Depending on who you are speaking to, crowd work is either heralded as the pinnacle of opportunity and freedom, or a system of global exploitation. Leila Janah, the entrepreneur widely credited for introducing the term “micro-work” over a decade ago, believed that it could bring jobs to the developing world, lift people out of poverty and help them build skills. At the same time, crowd work platforms are designed so that employers have the power—they can price a job to find someone who will do it for the lowest pay, encouraging workers to undercut each other on wage in a race to the bottom. To get the highest paying jobs, many workers use scripts, extensions and software that enhance their productivity. This, in addition to the lack of a shared geographical workspace and not knowing your colleagues, makes it harder to collectively organise and bargain.

***

Many crowd workers I reached out to were unwilling to speak. One Turker I spoke to said, “most Turkers are not interested in giving away their time”; another compared the competitive environment of crowd work to a “fight club.” But some workers have been collaborating. Turkopticon, an advocacy project and browser extension, helps Turkers share information with each other about employers. Online forums like Turk Crowd or Reddit’s r/mTurk convey an image of a community—albeit one that is closed to the public.

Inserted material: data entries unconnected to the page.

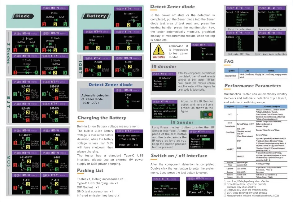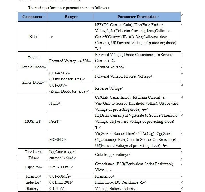 Характеристика:Самопроверка с автоматической калибровкойРазмер: 70*90*26 м/2,71×3,58×1,10 дюймовДисплей: TFT экран, цветной экранДиод диапазон: менее чем 4,5 VЗенеровский диод: транзистор обнаружить область: 0,01-4,5 VЗенеровский диод обнаружить область: 0,01-30 вДиапазон триака: IGT менее 6 мАЕмкость: 25pF-100mFРезистор: 0,01-50MΩИндуктивности: 0,01 mH-20 чМощность Напряжение: 3,7 VМощность: Встроенная перезаряжаемая литиевая батареяРезультаты измерений с использованием графического tft-дисплея (160×128)Управление одной кнопкойАвтоматическое выключение (Настройка таймаута)Встроенный литий-ионный аккумулятор высокой емкостиОбнаружение напряжения литий-ионного аккумулятораПоддержка китайского и английского языковПредупреждение: встроенный литий-ионный аккумулятор, строго запрещено погружать тестер в воду или рядом с источником тепла!Предупреждение: для вашей личной безопасности, пожалуйста, строго соблюдайте спецификации и меры предосторожности для использования литий-ионных батарей!Обнаружение транзисторов:После завершения режима выключения или тестирования поместите тестовый компонент в тестовую зону транзистора тестового гнезда, нажмите на ручку блокировки, нажмите многофункциональную клавишу, тестер автоматически измеряет, и результат измерения отображается в конце теста.Предупреждение: всегда разряжайте конденсатор перед подключением к тестеру! Тестер может быть поврежден перед включением!Предупреждение: мы не рекомендуем использовать тестер для измерения батареи! Напряжение батареи разного освещения должно быть менее 4,5 V, в противном случае, прибор для проверки может быть повреждена!Размещение компонентов:Тестовое гнездо делится на транзисторы и зоны тестирования диодов Зенера, как описано в 1,1.Примечание: Не выполняйте другие операции во время процесса калибровки, чтобы не повлиять на точность калибровки!Упаковочный лист:1 х Многофункциональный тестер транзисторов TFT1 x Группа электронных компонентов (отправлено случайным образом)3 x Тест-крюкКороткий три тестовых гнезда, нажмите многофункциональную кнопку в ближайшее время, и тестер автоматически откалибрует.Другие операции не требуются после отключения короткой проводки в соответствии с запросом во время процесса калибровки.
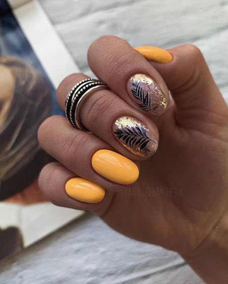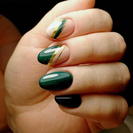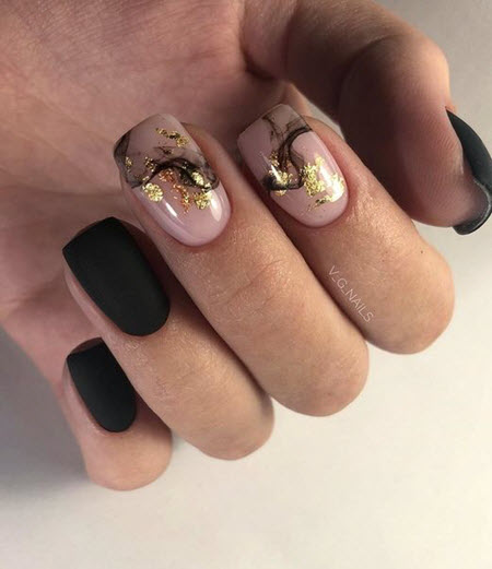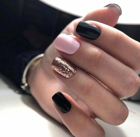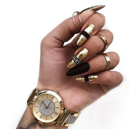 - Die Kombination von Gold mit schwarzer Farbe - diese Harmonie wird von Modemeistern nicht nur in der Kleidung, sondern auch im Maniküre-Design verwendet, eine solche Maniküre sieht toll aus.
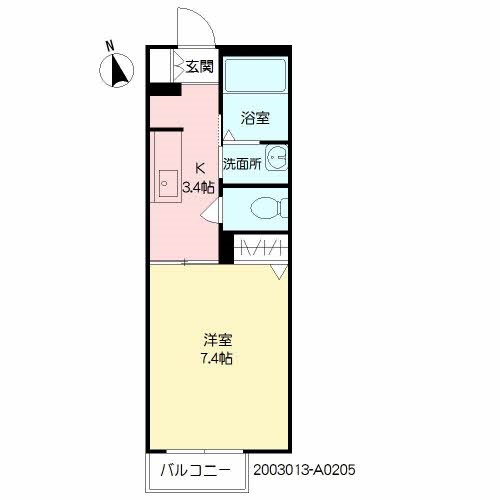 1K(25.67m²)└ K3.4帖 洋室7.4帖
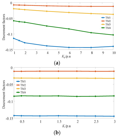 It can be seen from Figure 9 that, when the number of grid-connected DFIGs was given, and when Kp changed from 1 p.u. to 10 p.u., the attenuation coefficients of the torsional vibration modes of SG shafting generally showed a trend of decrease, whereby the attenuation coefficient of TM1 decreased 1.2-fold, the attenuation coefficients of TM2 and TM3 decreased 1.7-fold and 1.9-fold, and the attenuation coefficient of TM4 decreased 1.8-fold. The damping characteristics of the modes were enhanced, and, within the same time range, TM1 changed more obviously. As the integral coefficient of the current inner loop increased, the attenuation coefficients of the torsional modes of the SG did not change significantly.
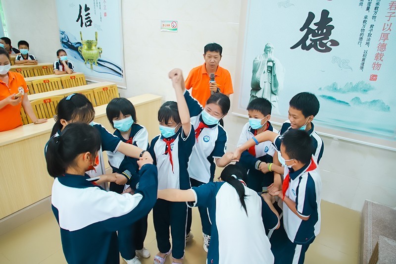 活动现场以分组挑战的形式进行“童心协力”团队合作能力历奇活动。各参赛队伍在“牵手连环”“共同进退”“人力水车”“纸不落地”“坐地而起”五个考验协作能力的历奇任务中团结一心,凭着有效的沟通、充分的信任出色的完成任务,进而提升自信心,锻炼沟通交流和解决困难的思维能力。在社工的引导下,学生们分析回顾了整个历奇过程,让孩子们意识到团结合作的重要性、如何在团结协作中解决问题。
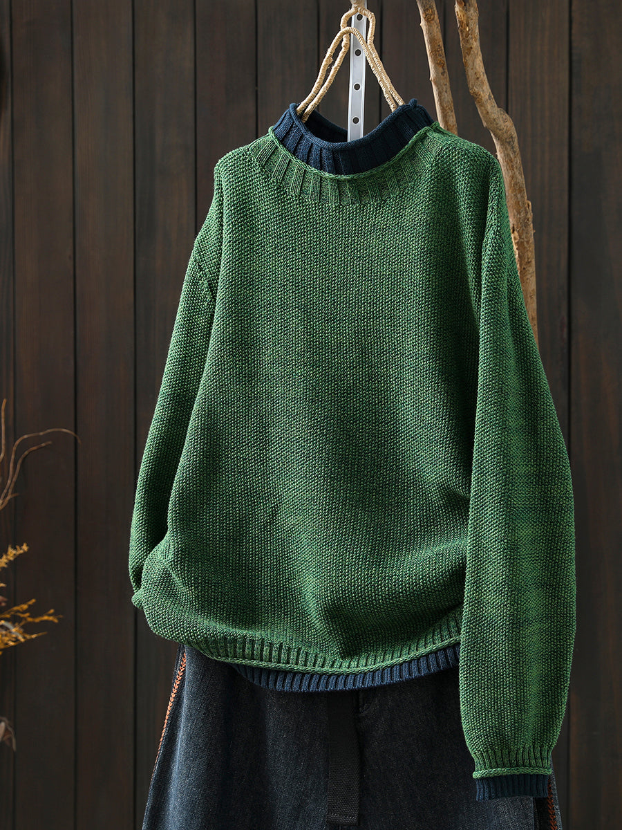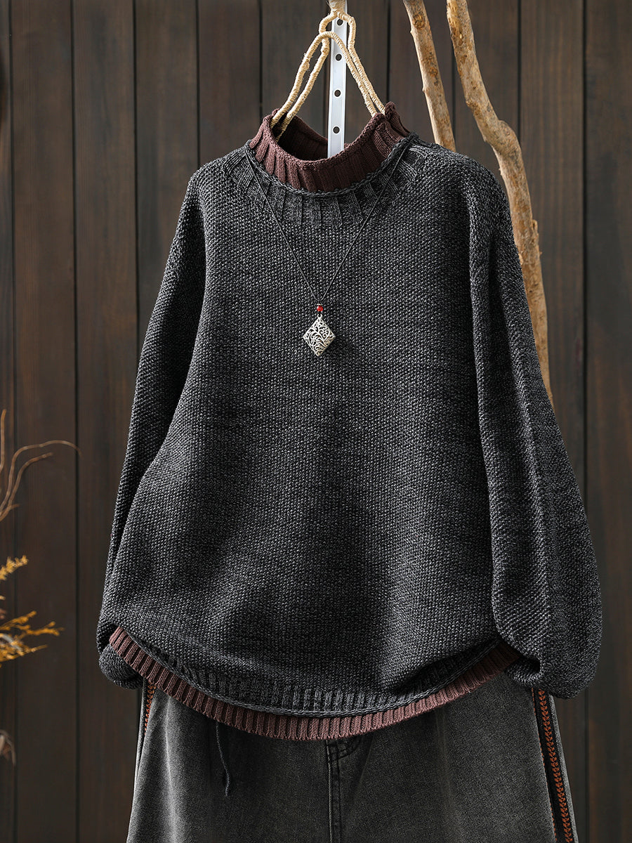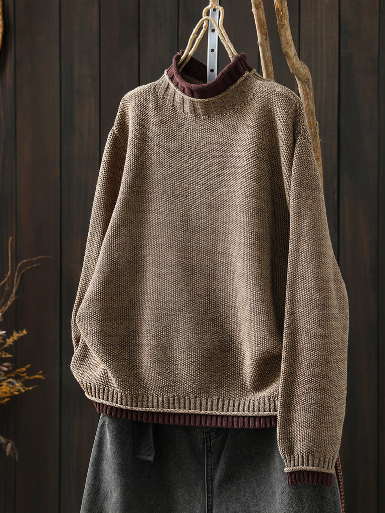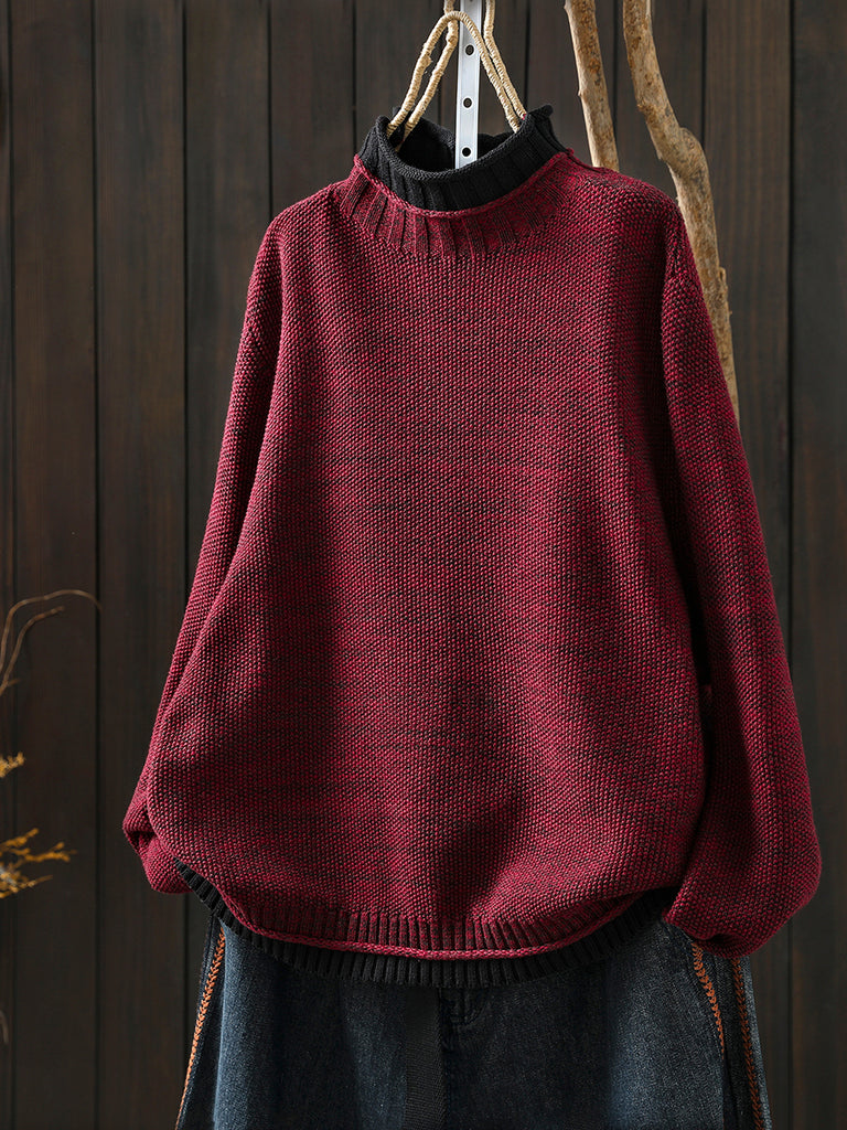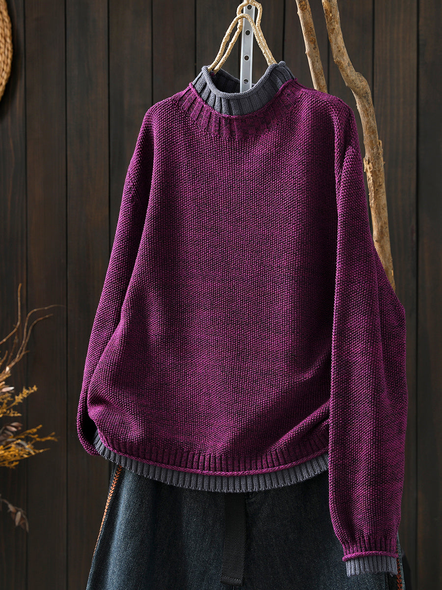 Kvinder Efterårs Kunstnerisk Farveblok Halv-Turtleneck Sweater
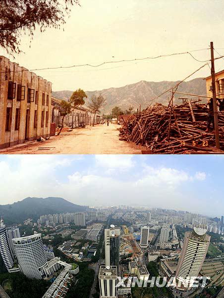 上圖:開發(fā)前的深圳蛇口老街(1979年5月23日攝)。下圖:高樓林立的深圳蛇口工業(yè)區(qū)(2008年10月10日攝)。1979年,中共中央作出了創(chuàng)辦經(jīng)濟特區(qū)的決策。以創(chuàng)辦經(jīng)濟特區(qū)為標(biāo)志,中國的對外開放邁出了重要步伐。 新華社發(fā)(資料圖片)

As a form of remote work, crowdsourced work has gained popularity during the pandemic. Research has linked rising local unemployment levels to the growth of crowd work. On YouTube, videos explaining how to make easy money on these platforms have cropped up since lockdown. Ghost work is likely to have attracted newly unemployed people who were stuck at home over the past year, but whether they’ll last is hard to tell—high worker turnover is common.

Kelsey Tucker, who makes at most 60 dollars a day, hopes that this new work will be better than her previous office job. The majority of her tasks so far involve checking tax rates on receipts, but what she enjoys the most is working with lawyers on the platform. “Law firms will basically look for mock jurors to present their case to and get a feel for the potential verdict,” she explains. For at least an hour, she reads or listens to the arguments, testimonies and evidence of both sides, and once both parties have presented, she has to say if she would convict, dismiss, or award money if it’s a settlement issue. “My favourite one involved a medical malpractice suit,” she said: it “might actually nudge me towards a career.”